*** Block opens ***
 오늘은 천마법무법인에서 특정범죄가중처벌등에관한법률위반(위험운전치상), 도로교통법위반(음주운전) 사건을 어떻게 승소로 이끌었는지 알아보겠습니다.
*** Block closes ***
*** Block opens ***
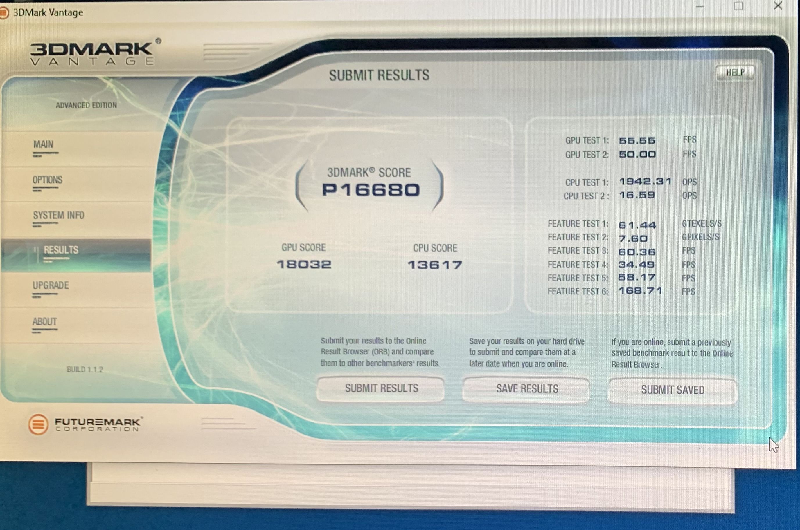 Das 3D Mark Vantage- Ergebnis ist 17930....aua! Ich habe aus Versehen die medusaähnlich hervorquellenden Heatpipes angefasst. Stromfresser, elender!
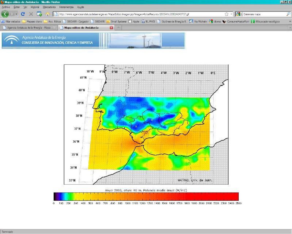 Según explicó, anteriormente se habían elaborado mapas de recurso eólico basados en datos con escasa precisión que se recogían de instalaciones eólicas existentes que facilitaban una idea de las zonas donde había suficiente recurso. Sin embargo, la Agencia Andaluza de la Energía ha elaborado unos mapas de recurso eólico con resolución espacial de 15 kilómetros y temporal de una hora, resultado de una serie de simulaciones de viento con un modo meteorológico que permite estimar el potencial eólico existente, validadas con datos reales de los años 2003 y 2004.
*** Block closes ***
Your assignment: Could you output exactly the lines above, from the line with "Das 3D Mark" up to and including the line with "Según explicó, anteriormente", and nothing else, skipping the pictures?

Reply to the task:
 Das 3D Mark Vantage- Ergebnis ist 17930....aua! Ich habe aus Versehen die medusaähnlich hervorquellenden Heatpipes angefasst. Stromfresser, elender!
 Según explicó, anteriormente se habían elaborado mapas de recurso eólico basados en datos con escasa precisión que se recogían de instalaciones eólicas existentes que facilitaban una idea de las zonas donde había suficiente recurso. Sin embargo, la Agencia Andaluza de la Energía ha elaborado unos mapas de recurso eólico con resolución espacial de 15 kilómetros y temporal de una hora, resultado de una serie de simulaciones de viento con un modo meteorológico que permite estimar el potencial eólico existente, validadas con datos reales de los años 2003 y 2004.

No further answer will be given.